# Willard Bay Dog Training Area



## Greenhead_Slayer

I had a weird encounter with a guy this week out at Willard Bay Dog Training Area. I was doing some water work with my pup with using a DT launcher with the blank loads. He asked me if I didn't know how to read and that the signs clearly say no target or trap shooting. He claimed you can't even discharge a training pistol or blanks or anything of that nature. I certainly can't seem to find anything saying you can't discharge blanks or anything like that, am I wrong?


----------



## izzydog

Good question. I've never thought about it while shooting blanks and training.


----------



## cootlover

Cool I am glad the water is open .Why cant people mind there own **** bees wax .Was it some dip sh*t are a cop.


----------



## Hoopermat

Greenhead_Slayer said:


> I had a weird encounter with a guy this week out at Willard Bay Dog Training Area. I was doing some water work with my pup with using a DT launcher with the blank loads. He asked me if I didn't know how to read and that the signs clearly say no target or trap shooting. He claimed you can't even discharge a training pistol or blanks or anything of that nature. I certainly can't seem to find anything saying you can't discharge blanks or anything like that, am I wrong?

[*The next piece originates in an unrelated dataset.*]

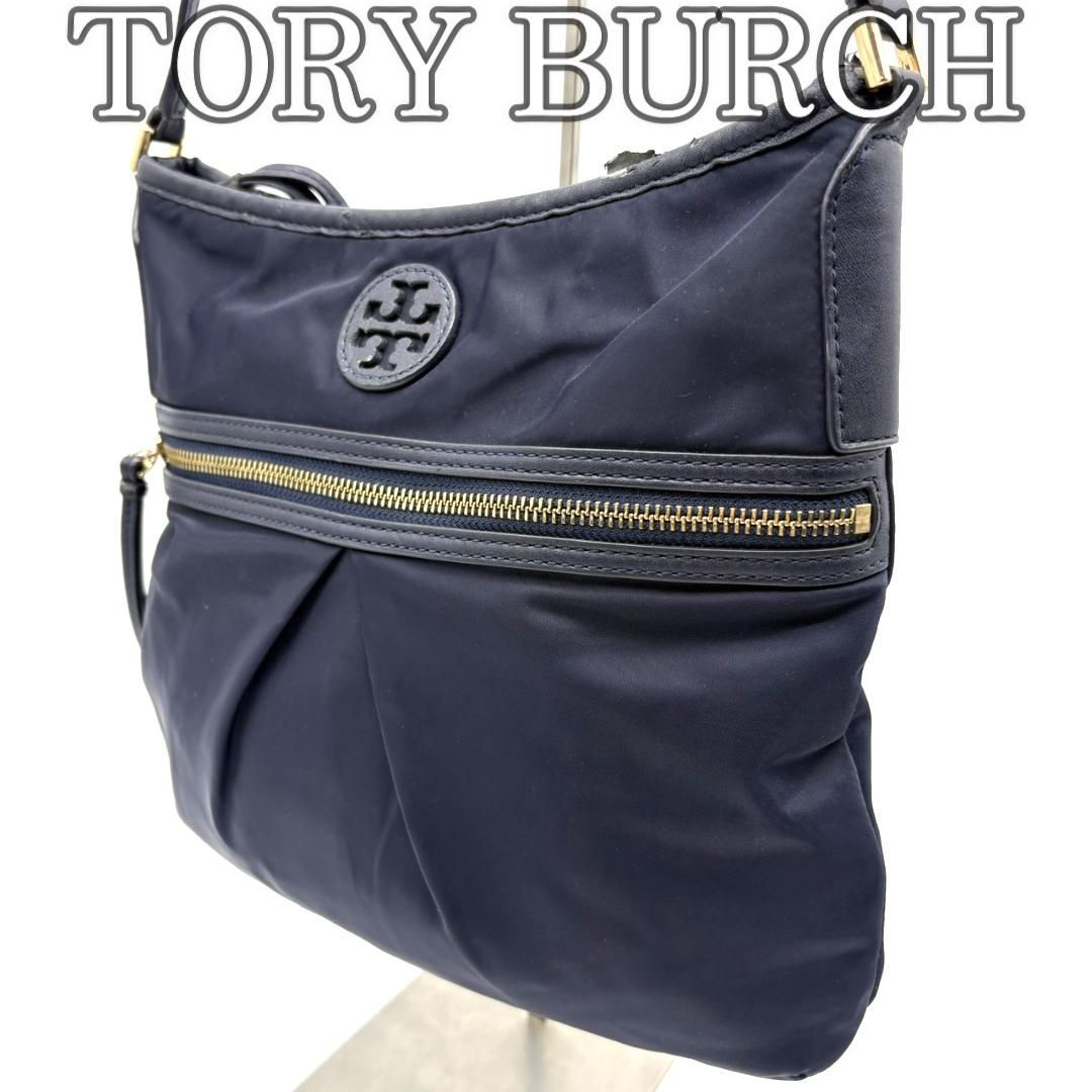 トリーバーチ ショルダーバッグ ナイロン ネイビー 紺 斜め掛け クロスボディ 肩掛け 軽量 普段使い 通勤 旅行 きれいめ 大人可愛い シンプル 中容量 A5収納 ファスナー開閉 外ポケット 高見え Tory Burch

Since your blanks are simply a noise maker and do not fire a projectile there is noting illegal about it. Your good to go

Why is it when I am out doing this stuff I do t get any idiots harass me. I would love to have a conversation with them.


----------



## Greenhead_Slayer

It wasn't a cop, I think the guy was either drunk or a few cookies short of a bakers dozen. He followed me halfway around the pond while I was trying to keep some distance from him chewing me out until I think he finally noticed I was open carrying. He got back on the dirt road and walked up over the dike, never did see a vehicle or atv.


----------



## cootlover

"Area closed to shooting except for dog training and waterfowl season .What's not funny the sign was full of bullet holes :shock:"


----------



## sknabnoj

Sorry this happened to you. Sucks. This is the kind of stuff that's made me get this nasty anxious feeling every time I see someone when I'm hunting or really doing anything outdoors. It used to be the opposite feeling where I'd love to talk to whoever was enjoying the outdoors with me. Crappy.


----------



## Hoopermat

In the past we have set birds out for dog training and shot them there. You just put a streamer on its leg. 
Never had a problem


----------



## bamacpl

cootlover said:


> Cool I am glad the water is open .Why cant people mind there own **** bees wax .Was it some dip sh*t are a cop.


What's the difference?


----------



## Bret

you are doing nothing wrong and using that area as it was intended. Go out again and train your dog.


----------



## Gianthead

Any ideas of where I can take a dog out to some water preferably a pond to get some pre season training in? Near Syracuse .


----------